We came across this directory. It contained all the knowledge there was. The proto files, the json schemas, the header files with all the constants, all the good stuff we needed. From the names of the files itself we knew how to send the stream to Chromecast, except that we didn’t (hint hint something to do with encryption).

Let me loop back to the negotiation part of the WebRTC stream. In normal WebRTC, there is a separate entity that relays messages between the two parties interested. Here that happens to be the sender itself.
We open the app called Chrome Mirroring (app id 0F5096E8). This is for audio and video streaming. There is also one for only audio streaming. You can find a few others here.
Now, when the app is opened, we get a receiver status message, and we start communicating with the app from this point on by addressing the messages to the session id of the app, after connecting to it first.

The first thing we do is send an offer message with the necessary information for the streams we wish to send and the encryption keys, among other details. Here is an example message:

{
  "source_id": "sender-990878",
  "destination_id": "a8a79f97-a63e-4555-baec-53e3f49e6df3",
  "namespace": "urn:x-cast:com.google.cast.webrtc",
  "payload_utf8": {
    "offer": {
      "castMode": "mirroring",
      "receiverGetStatus": true,
      "supportedStreams": [
        {
          "aesIvMask": "1D20EA1C710E5598ECF80FB26ABC57B0",
          "aesKey": "BB0CAE24F76EA1CAC9A383CFB1CFD54E",
          "bitRate": 102000,
          "channels": 2,
          "codecName": "opus",
          "index": 0,
          "receiverRtcpEventLog": true,
          "rtpExtensions": "adaptive_playout_delay",
          "rtpPayloadType": 127,
          "rtpProfile": "cast",
          "sampleRate": 48000,
          "ssrc": 144842,
          "targetDelay": 400,
          "timeBase": "1/48000",
          "type": "audio_source"
        },
        {
          "aesIvMask": "1D20EA1C710E5598ECF80FB26ABC57B0",
          "aesKey": "BB0CAE24F76EA1CAC9A383CFB1CFD54E",
          "codecName": "vp8",
          "index": 1,
          "maxBitRate": 5000000,
          "maxFrameRate": "30000/1000",
          "receiverRtcpEventLog": true,
          "renderMode": "video",
          "resolutions": [{ "height": 1080, "width": 1920 }],
          "rtpExtensions": "adaptive_playout_delay",
          "rtpPayloadType": 96,
          "rtpProfile": "cast",
          "ssrc": 545579,
          "targetDelay": 400,
          "timeBase": "1/90000",
          "type": "video_source"
        }
      ]
    },
    "seqNum": 730137397,
    "type": "OFFER"
  }
}

Note: only the payload_utf8 is structured in JSON, other sibling keys are part of protobuf.
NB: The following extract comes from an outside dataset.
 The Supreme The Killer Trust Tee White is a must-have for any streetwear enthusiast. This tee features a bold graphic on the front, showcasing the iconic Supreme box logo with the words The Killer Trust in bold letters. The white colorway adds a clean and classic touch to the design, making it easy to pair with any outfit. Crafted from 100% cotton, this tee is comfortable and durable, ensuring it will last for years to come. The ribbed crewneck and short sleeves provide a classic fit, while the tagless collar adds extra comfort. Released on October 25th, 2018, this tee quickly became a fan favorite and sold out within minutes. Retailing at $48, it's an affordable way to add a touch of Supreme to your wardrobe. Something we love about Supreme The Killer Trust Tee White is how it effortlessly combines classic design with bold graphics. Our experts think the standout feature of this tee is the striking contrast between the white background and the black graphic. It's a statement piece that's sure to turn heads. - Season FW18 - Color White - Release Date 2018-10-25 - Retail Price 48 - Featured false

You see that? All the details are right there in the offer message.
Other codecs are also supported, such as h264, vp9, hevc, and aac.
Although most of the things should be self-explanatory, focus on the key ssrc in both the audio and video streams. This is the identifier for the stream.
The AES keys and masks are passed down in the offer message still. The algorithm used however is AES-CTR-128.
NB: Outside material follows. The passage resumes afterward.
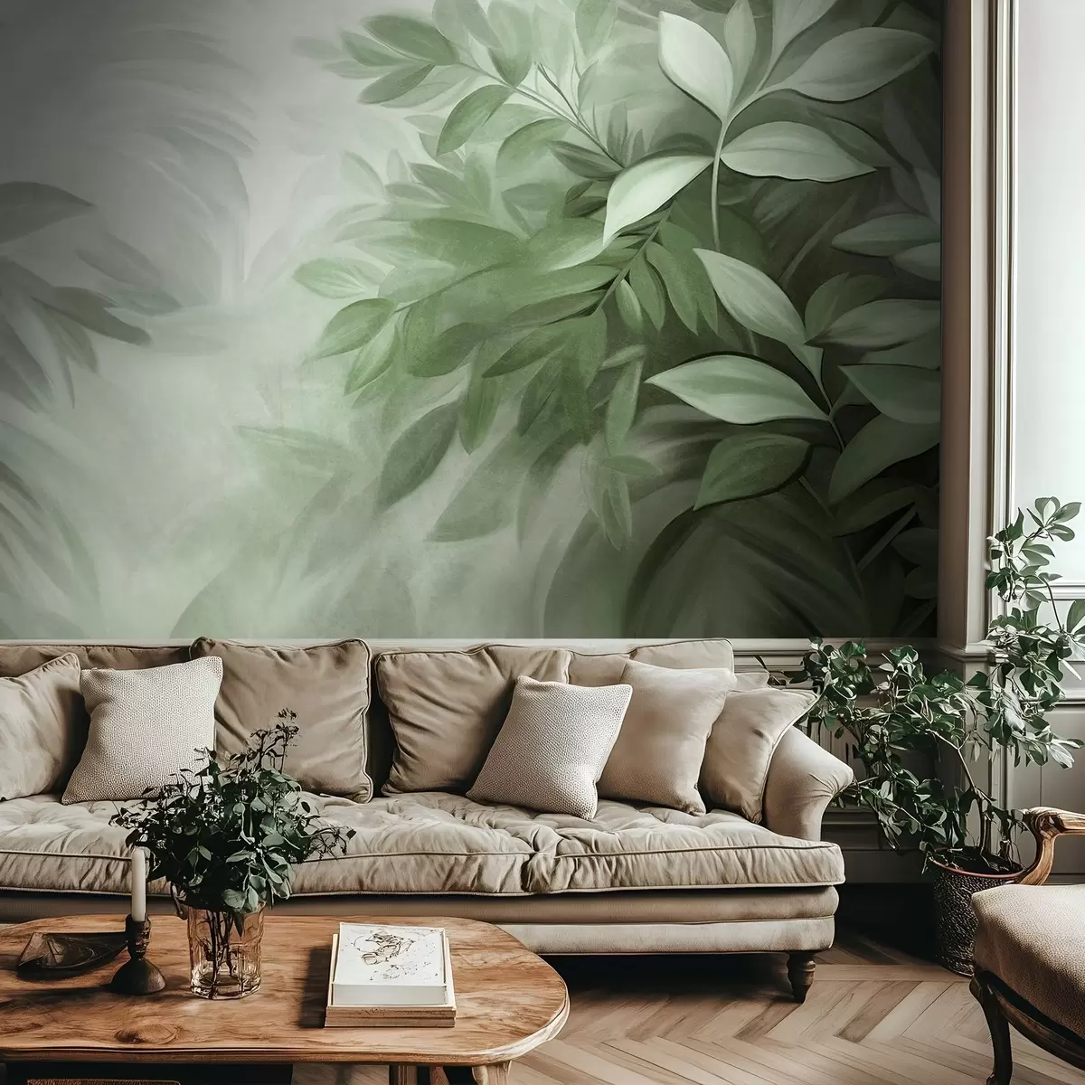 Тапете за зид Зелено и сиво лишће са меким, замућеним текстурираним лишћем, у сликарском стилу са видљивим потезима четкице бр. w09584v1

We sent an offer. We must receive an answer to it.

{
  "source_id": "a8a79f97-a63e-4555-baec-53e3f49e6df3",
  "destination_id": "sender-990878",
  "namespace": "urn:x-cast:com.google.cast.webrtc",
  "payload_utf8": {
    "answer": {
      "castMode": "mirroring",
      "receiverGetStatus": true,
      "receiverRtcpEventLog": [0, 1],
      "rtpExtensions": [[], []],
      "sendIndexes": [0, 1],
      "ssrcs": [144843, 545580],
      "udpPort": 51810
    },
    "result": "ok",
    "seqNum": 730137397,
    "type": "ANSWER"
  }
}

You’d find it weird that the ssrc values have been incremented compared to what we sent. Apart from that, the keys that deserve our attention are updPort, result, and type. If the result is “ok”, we collect the port number and start streaming RTP packets and exchanging RTCP packets. For streaming RTP packets, we need a controller of the packets, either RTCP or RTSP. Found this out the hard way while messing around with the GStreamer launch command.
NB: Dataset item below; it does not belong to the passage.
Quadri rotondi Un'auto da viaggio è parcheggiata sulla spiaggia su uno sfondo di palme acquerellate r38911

After these findings, we had some time left to reorganise the code and handle the edge cases well.
Daily routine was to read docs, write code, test, check logs, and repeat.

Now we had what you can call state management (just a variable and if checks) and some nice JSON string generators.
We jumped into media handling right on. Already having a pipeline to process video and audio in GNOME Network Displays made things easy, but tinkering with it was no easy job until the saviour lent a helping hand. The first few tutorials were all that was needed to get to speed.

The pipeline created for video (only) streaming looked like what follows:

Video Pipeline
Video Pipeline

You might want to zoom in a little.

This was an unencrypted RTP stream with unencrypted RTCP messages. The only thing to add was an encryption layer over the RTP packets. The plugin srtpenc provided by GStreamer did precisely this, except that it did not do AES-CTR, only AES-ICM and AES-GCM. Going deeper, it used the library libsrtp by Cisco, which, unfortunately, only has implementations for the same two algorithms.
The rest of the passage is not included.